- REQUIRED WORK: Skip pictures in the listing below; copy exactly the lines from the one with "Colcha bouti comforter" through the one with "feinnadelige bis spießige", inclusive.

- INPUT MATERIAL:

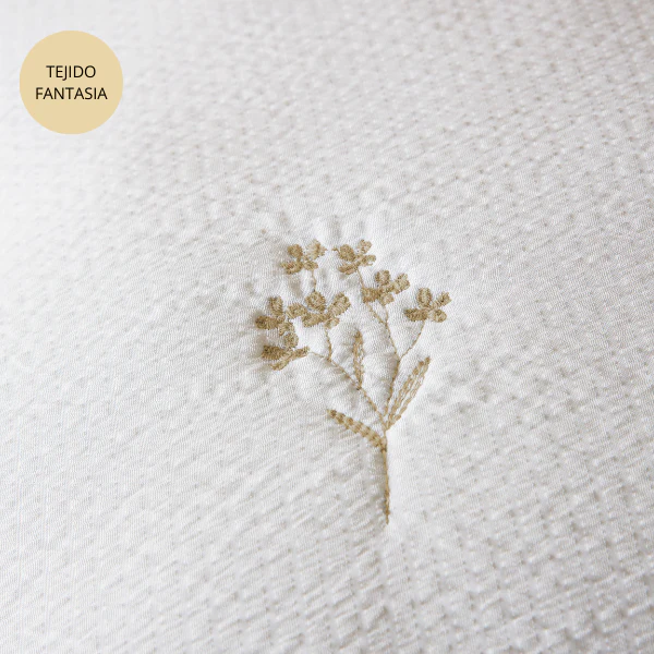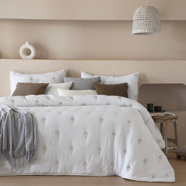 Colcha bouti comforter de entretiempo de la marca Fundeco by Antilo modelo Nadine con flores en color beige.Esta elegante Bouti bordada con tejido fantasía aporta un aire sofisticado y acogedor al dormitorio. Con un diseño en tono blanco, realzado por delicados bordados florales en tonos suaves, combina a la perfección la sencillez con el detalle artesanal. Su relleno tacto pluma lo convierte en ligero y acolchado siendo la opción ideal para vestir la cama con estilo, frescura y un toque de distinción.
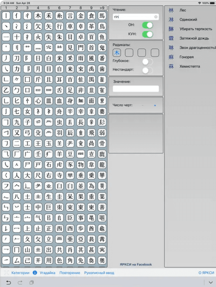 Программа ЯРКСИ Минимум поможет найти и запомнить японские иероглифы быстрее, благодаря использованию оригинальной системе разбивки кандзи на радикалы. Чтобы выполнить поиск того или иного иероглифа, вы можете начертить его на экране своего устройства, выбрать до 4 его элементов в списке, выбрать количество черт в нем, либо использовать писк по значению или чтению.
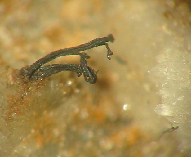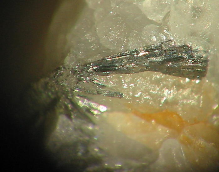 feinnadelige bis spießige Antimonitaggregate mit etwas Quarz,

--

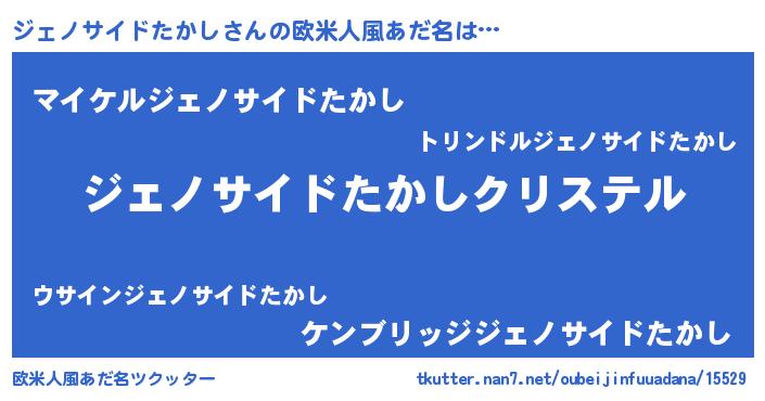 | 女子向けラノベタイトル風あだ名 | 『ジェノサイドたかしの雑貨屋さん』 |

==

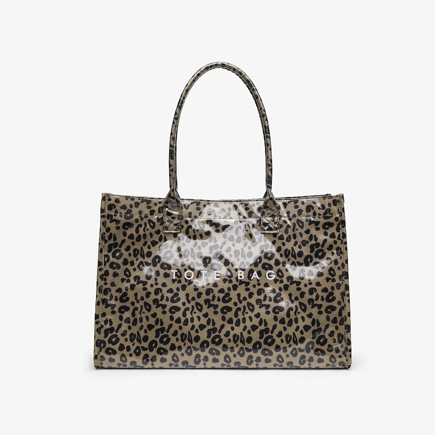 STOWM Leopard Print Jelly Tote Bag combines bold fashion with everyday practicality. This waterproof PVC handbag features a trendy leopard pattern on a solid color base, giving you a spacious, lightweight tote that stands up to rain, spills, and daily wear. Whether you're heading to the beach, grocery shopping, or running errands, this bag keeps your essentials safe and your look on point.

- RESULT OF THIS TASK:
 Colcha bouti comforter de entretiempo de la marca Fundeco by Antilo modelo Nadine con flores en color beige.Esta elegante Bouti bordada con tejido fantasía aporta un aire sofisticado y acogedor al dormitorio. Con un diseño en tono blanco, realzado por delicados bordados florales en tonos suaves, combina a la perfección la sencillez con el detalle artesanal. Su relleno tacto pluma lo convierte en ligero y acolchado siendo la opción ideal para vestir la cama con estilo, frescura y un toque de distinción.
 Программа ЯРКСИ Минимум поможет найти и запомнить японские иероглифы быстрее, благодаря использованию оригинальной системе разбивки кандзи на радикалы. Чтобы выполнить поиск того или иного иероглифа, вы можете начертить его на экране своего устройства, выбрать до 4 его элементов в списке, выбрать количество черт в нем, либо использовать писк по значению или чтению.
 feinnadelige bis spießige Antimonitaggregate mit etwas Quarz,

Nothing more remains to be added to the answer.